But since you've had the recent deaths, and the fish with the sore--which may have been water quality related I suggested that you focus on improving water quality with the increased partial water changes.

If you did a 100% water change, then yes you could have 0 nitrate.

Really sorry to hear that you lost all of your fish.

Unless you're attached to the snails then I would take this unfortunate opportunity to rid of them. If you choose to use a product that will kill the snails then at least you won't have to worry about harming your fish. Getting rid of snails can be a HUGE challenge.

Again, sorry for the loss of your fish. Good luck with getting the tank re-stocked.

Robin


----------



## RDFISHGUY (Mar 21, 2005)

Just to be clear, by clogged you don't mean lack of flow, but clogged media. Because flow has been good through this whole ordeal. These tiny snails, however, have infiltrated every little available space in the foam and the bio-rings. I don't believe poor water is the cause of this problem as I am very diligent with 40% weekly changes. I believe , rather , the poor quality is a result of the infestation. I have 3 other tanks on the very same maintenance schedule and they are in good condition. I tried everything I could to save these fish. The only thing I didn't do was clean the filters because I didn't want to remove any of the bacteria.
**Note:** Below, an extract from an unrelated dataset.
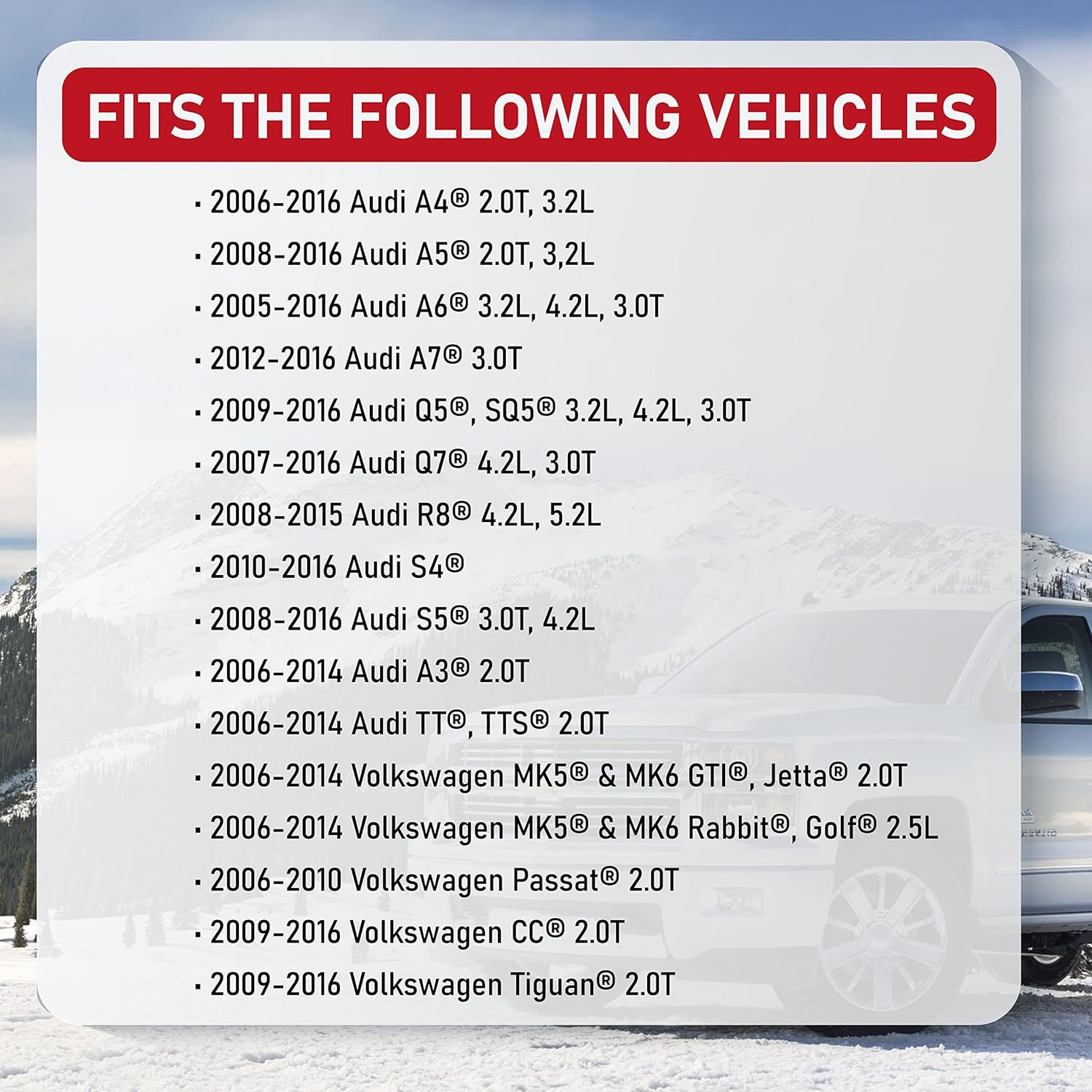 – Compatibilidade: Projetado para motores 2.0T, 2.5L, 3.0T, 3.2L e 4.2L de diversos modelos Audi e Volkswagen.

I guess the snails did that anyway. I did everything I could possibly do to correct the problem from a barage of medications to large water changes and even added a UV sterilyzer. I am relieved , actually, to have found these pests. I thought I was doing something to poison these fish but I now know what the difference is between this tank and all the rest. SNAILS! Once I've gotten rid of most of them my loaches should take care of the rest after I get the tank up and going again. I have been banging my head against a wall for over a month trying to get to the bottom of this. Asking myself several questions only to come up with the same answers over and over again. I thought maybe there was something wrong with my water treatment- but I use the same treatment for all the other tanks. That couldn't be it .
Maybe I got some kind of airborne contaminate- but why isn't the other tank having the same problem?
I even tried to lay blame on the FX5 filters because that was the only difference between the 230 gallon and all the other tanks ( which are filtered by AC filters).
With 15 yrs in the hobby I haven't experienced anything quite so enigmatic. This hobby is always teaching me new things . The amount of articles on disease and treatments that I've read in the past month ,searching for a cure , is staggering.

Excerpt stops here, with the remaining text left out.